Another correspondence dated November 9, 1999, came from one Mr. Valdez to Mr. Fries. Valdez was of Perkins Latin America; one of the closed agencies. Fries had later written Mr. Brassington about Mr. Valdez’s inquires regarding service to the new investors, but none of this was related to Mr. Yassin until he discovered them in the company records after he had already purchased GSL.
Yassin reiterated, when asked, that before the agreement of sale for GSL, neither Brassington nor his agents made available correspondence or provided any information of the agencies that were closed or ceased to exist. When asked by Mr. Luckhoo, Mr. Yassin said he attempted to resuscitate the Perkins agency, but was unsuccessful.
Mr. Yassin later explained that he used figures from the information memorandum that was provided on GSL to calculate his losses as a result of the non-existent agencies. Luckhoo then tendered that document with the sales, profit and projected loss for the agencies, which included an individual summary for each of the divisions, with their respective agencies.
Mr. Yassin then said that an excess of one billion dollars was lost in profits after explaining the contributions the agencies that were closed or ceased to exist would have made.

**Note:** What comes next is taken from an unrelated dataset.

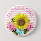 Flower Girl bridal shower button with pink stripes sunflowers and roses.
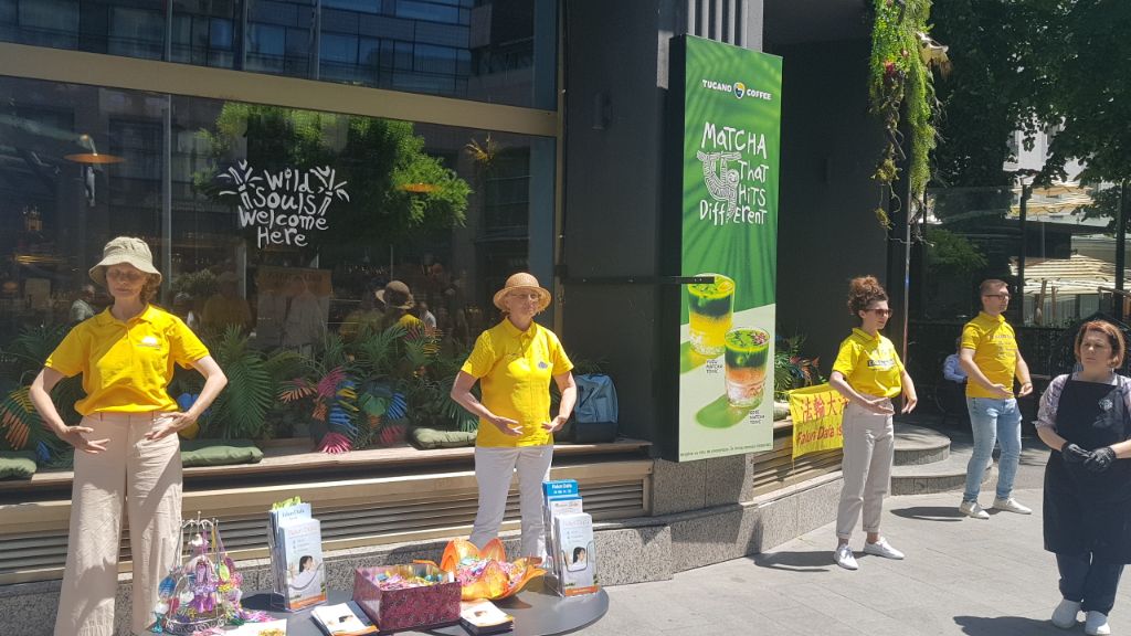信息日当天,路过此处的市民饶有兴趣的观看功法展示,聆听大法音乐,还向学员询问法轮大法的真相。活动原计划持续两个小时,但由于对法轮功感兴趣的人很多,学员们将时间又延长了两小时。

He also singled out various agencies which would have contributed major sales and profits for GSL. As a result, the company incurred those losses from the time GSL was purchased to date.
Mr. Luckhoo, then asked Yassin if he gave in writing or otherwise any permission for the encumbrance of GSL and he replied in the negative. This encumbrance was in the form of dividends incurred before the purchase of GSL. The lawyer then asked Yassin if he knew where the money to pay the dividend was coming from before reference was made to the 1999 Annual Report which showed on page 15 a $300 M liability/loan.
Further questions to Mr. Yassin by his attorney proved that he (Yassin) was aware of the source of the loan; Republic Bank. When asked, Mr. Yassin said he had discussions with Mr. Brassington concerning the encumbrance of the loan and the assets of GSL. The loan, Mr. Yassin said, was subsequently removed by himself, GSL controller Mr. Sharma and Mr. Brassington.
Mr. Yassin was also asked by Mr. Luckhoo if he would have signed the purchase and share sale agreement if the loan was included, Mr. Yassin replied in the negative. This was the reason for the cancellation of the loan, he added.
Mr. Luckhoo then asked Mr. Yassin whether he authorized that the loan be replaced by anything else and he replied in the negative, before adding that he expected it to be over.
However, Mr. Luckhoo stated, “By the time of the closing of the share sale and purchase agreement, there was a promissory note signed by Mr. Fries on October 4, 2000;” the day of GSL’s hand over.
Mr. Yassin was then asked by his lawyer whether the promissory note was among the closing documents which he reviewed a week earlier, and he replied in the negative. Mr. Luckhoo also asked Mr. Yassin if at the time of the closing if he realized that he had initialed the promissory note signed by Mr. Fries and he again replied in the negative.
Mr. Yassin later testified that on the day of the signing there were at least 16 people present in GSL’s board room, where the transaction had taken place. He said there was a group of persons from his team, a group from Brassington’s team and that of Mr. Khan.
Mr. Yassin said there was a bit of confusion during the signing over because Mr. Khan had not brought all his people who were necessary to sign off on documents. He said one Mr. Worrell, Secretary for NICIL was given documents of about 150 pages by Mr, Brassington for his initials. Mr. Yassin said he subsequently placed his initials on the said pages without reading it over because it was suppose to be the same documents he reviewed prior to the closing for the sale of GSL.
The matter will return on February 24.